[WORKING DATA — start]

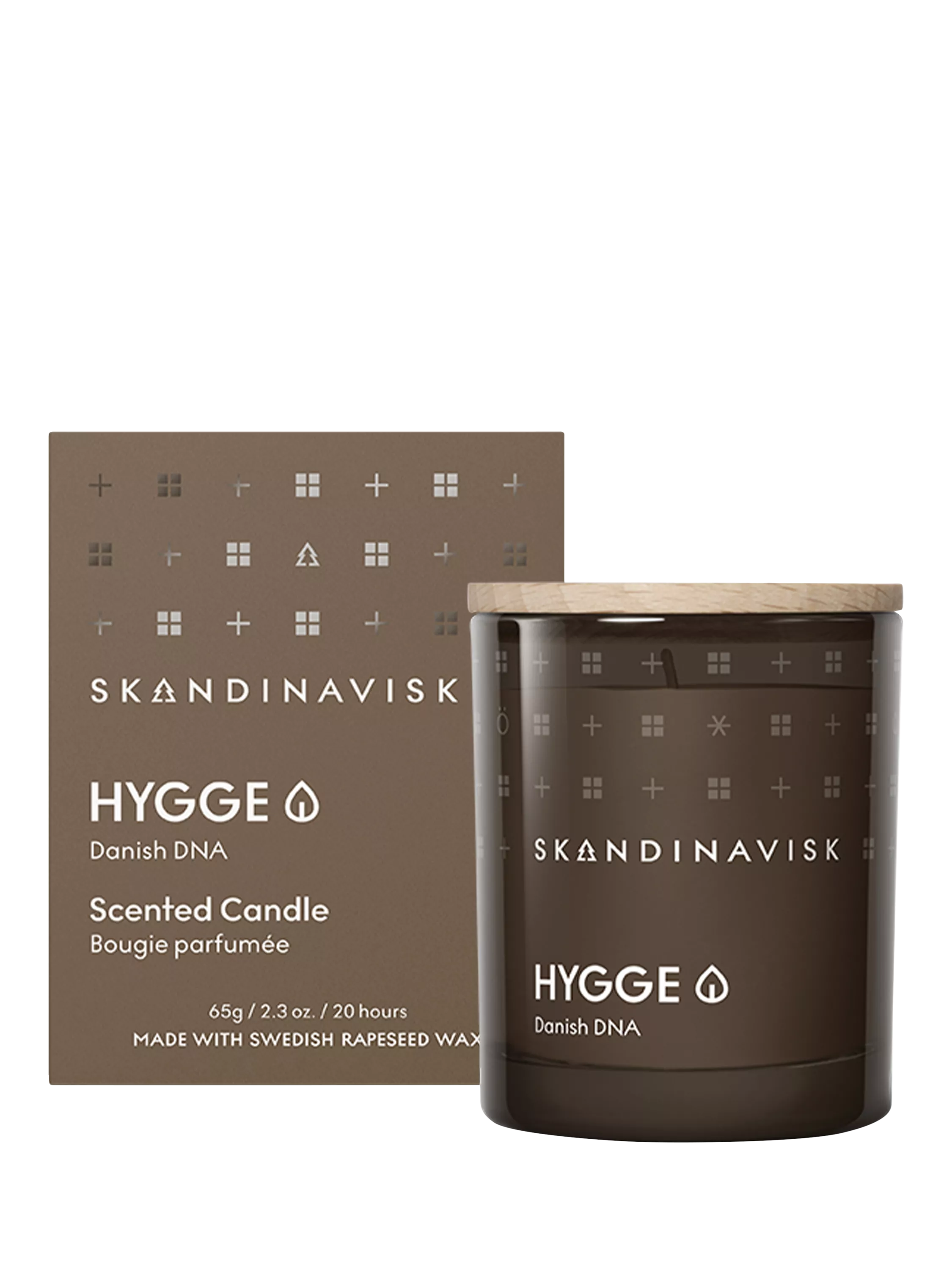 Poured into a painted glass votive with engraved FSC-certified beechwood lid. Packaging card from managed Swedish forests with natural colour dyes.
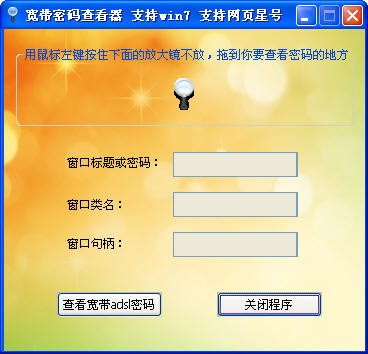 要查看宽带拨号密码,只要把放大镜拖拽到宽带密码框显示“[要更改保存的密码,请单击这里]”的地方,密码就会显示在软件主窗口了。其他星号密码查看方法也与此类似。要查看储存在路由器中的ADSL星号密码,请打开路由器的登录网页后,直接把放大镜拖到密码框,对于有子框架的网页,在子框架中点鼠标右键,查看并复制子框架中的真实网页路径后,把它粘贴到IE的地址栏,再次打开之后就可以用此工具查看其中的星号密码了。【更新日志】
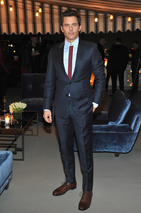 James Marsden wore a Dior Homme blue wool notch lapel suit.
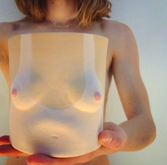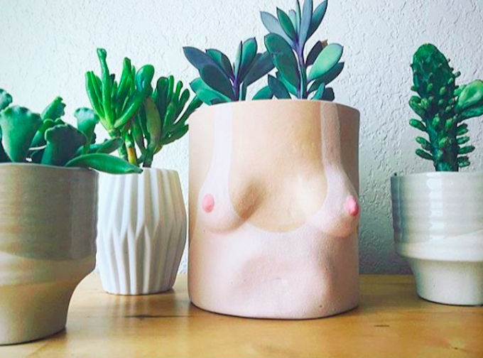 女性的胸部常常出现在艺术设计和雕塑作品里。当他把这个想法落实在植物盆上,让每一个陶瓷作品都长着一对释放天性的胸部和凸起的乳房并发在他的ins上,他的朋友、朋友的朋友都喜欢上这个与众不同具有艺术感的小器物。
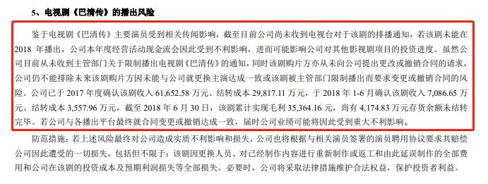 据唐德影视2018年年中报显示,如果《巴清传》未能在2018年播出,其业绩将受到严重影响。截止2018年年中报,该剧已为唐德影视累计实现毛利3.5亿元,目前看将全部化为泡影。2018年唐德影视的业绩如何,可想而知。
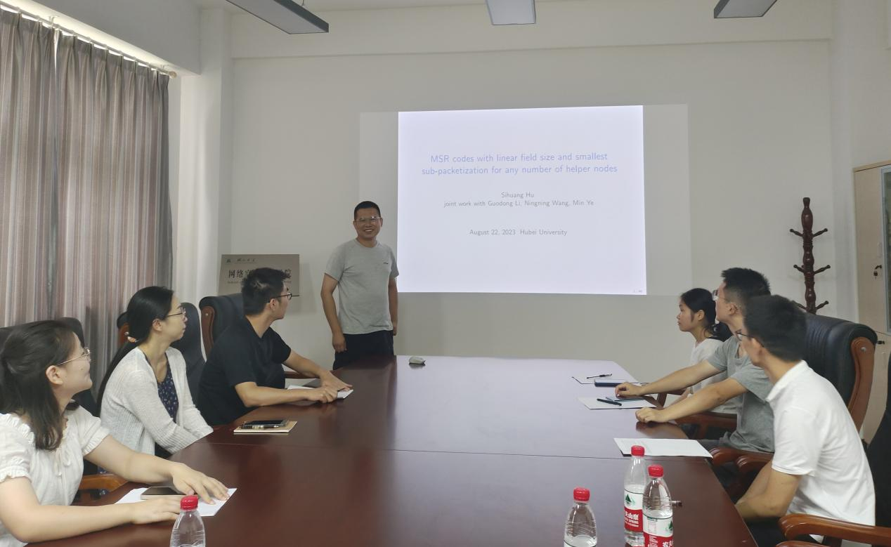 2023年8月22日,山东大学威廉希尔足球官网副经理胡思煌教授应邀为公司密码与编码学团队师生在数统公司403会议室作了题为《MSR Codes with Linear Field Size and Smallest Sub-Packetization for Any Number of Helper Nodes》的学术报告。
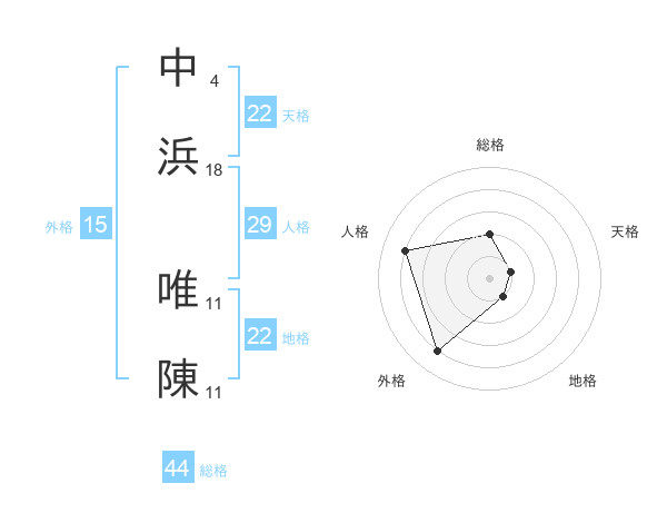 中浜 唯陳さんの天格は22画の1点!
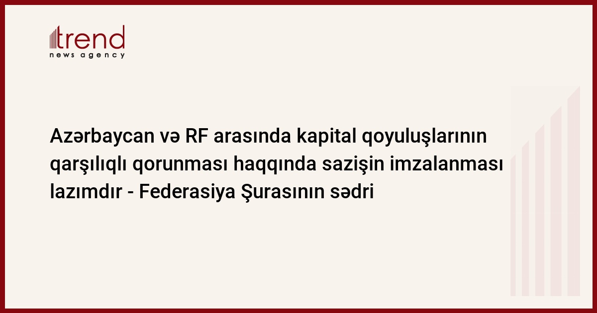 Azərbaycan və Rusiya arasında kapital qoyuluşların qarşılıqlı qorunması haqqında sazişin imzalanmasının vaxtı çatıb. Rusiya Federasiya Şurasının sədri Valentina Matvienko belə hesab edir.

[WORKING DATA — finish]

REQUIRED ACTION: Print the full listing exactly, dropping the pictures.

OUTPUT OF THE TASK:
 Poured into a painted glass votive with engraved FSC-certified beechwood lid. Packaging card from managed Swedish forests with natural colour dyes.
 要查看宽带拨号密码,只要把放大镜拖拽到宽带密码框显示“[要更改保存的密码,请单击这里]”的地方,密码就会显示在软件主窗口了。其他星号密码查看方法也与此类似。要查看储存在路由器中的ADSL星号密码,请打开路由器的登录网页后,直接把放大镜拖到密码框,对于有子框架的网页,在子框架中点鼠标右键,查看并复制子框架中的真实网页路径后,把它粘贴到IE的地址栏,再次打开之后就可以用此工具查看其中的星号密码了。【更新日志】
 James Marsden wore a Dior Homme blue wool notch lapel suit.
 女性的胸部常常出现在艺术设计和雕塑作品里。当他把这个想法落实在植物盆上,让每一个陶瓷作品都长着一对释放天性的胸部和凸起的乳房并发在他的ins上,他的朋友、朋友的朋友都喜欢上这个与众不同具有艺术感的小器物。
 据唐德影视2018年年中报显示,如果《巴清传》未能在2018年播出,其业绩将受到严重影响。截止2018年年中报,该剧已为唐德影视累计实现毛利3.5亿元,目前看将全部化为泡影。2018年唐德影视的业绩如何,可想而知。
 2023年8月22日,山东大学威廉希尔足球官网副经理胡思煌教授应邀为公司密码与编码学团队师生在数统公司403会议室作了题为《MSR Codes with Linear Field Size and Smallest Sub-Packetization for Any Number of Helper Nodes》的学术报告。
 中浜 唯陳さんの天格は22画の1点!
 Azərbaycan və Rusiya arasında kapital qoyuluşların qarşılıqlı qorunması haqqında sazişin imzalanmasının vaxtı çatıb. Rusiya Federasiya Şurasının sədri Valentina Matvienko belə hesab edir.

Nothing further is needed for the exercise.